The group is open to all youth, as everyone has mental health.

“I think a lot of times people get mental health and mental illness confused, they think they’re interchangeable,” says Harding.

She hopes to dispel this myth, and set people on their own mental health journeys by helping them understand their emotions. She’s open about her own journey, too, in hopes it can help others who feel the same way.

The group began as a project for Twin Lakes’ Partners in Education, Adventure and Community (PEAC) Program - a leadership program aimed at fostering community involvement. Harding came up with the idea and asked Orillia Youth Centre director, Kevin Gangloff, if the centre could help host her meetings to make the project a reality.

The meetings have been “fantastic,” says Gangloff.

“Any time you can open up a discussion around mental health and provide a space for someone to talk about how they’re feeling, there’s such value in that. To be peer-run and peer-driven is even more valuable," he explained.

The name 'Piecing Us Together' was inspired by Sadie’s understanding of mental health. She says it’s always changing, meaning one has to always work to piece their own mental health together. In sharing stories about one’s own mental health with a group, they become part of a larger mosaic of support, adding to the name.

Four participants attended the group’s first meeting on May 2. A top priority for Harding, especially in the first week, was making the group a safe space for people to share their feelings.

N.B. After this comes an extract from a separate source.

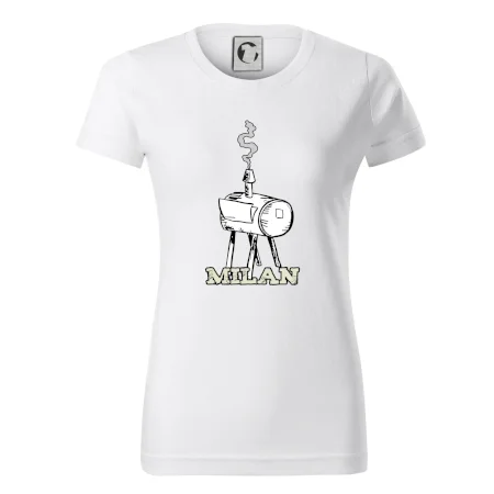 Dárek pro majitele udírny tričko s vlastním jménem pro to správné uzení. Jméno obdarovaného napiš do poznámky k objednávce. Skvělý doplněk na uzení k udírně.

Harding asked questions that got the group thinking about what helps them when they’re down without getting too personal.

“I didn’t want them to feel like they couldn’t come up with an answer. I know that’s the worst feeling, when you’re trying so hard to explain what you’re feeling but you just can’t find the words, especially if it's just the beginning of your journey into figuring out your mental health,” says Harding.

Her strategy must have worked, as all participants from the first week plus a few more, came back on week two.

The turnout is a testament to the isolation youth have felt this past year, according to Gangloff.

Outside of Piecing Us Together, Harding is on Twin Lakes’ student council and the school’s Mental Health and Wellness Committee. She’s receiving the Rotary Student of the Month award for her work in the school’s wellness committee.

“We are proud of our students and their efforts to support well-being initiatives in the community,” says Wells.

In the end, Harding hopes to anonymously display the poems, songs and short stories written by attendees of Piecing Us Together in Orillia’s downtown. She hopes this might help older generations understand the mental health challenges young people face.

“There are so many new stressors (for youth). Things are changing at such a rapid pace, and having to adapt constantly takes a huge toll on you,” says Harding.

Her goal with Piecing Us Together is to leave participants with better mental health and positive self-image after each session.

While running the group has been nerve-wracking at times, Harding says helping others improves her own mental health.

“Knowing I created this thing that’s making a difference, that makes all those other (anxious) feelings go away.”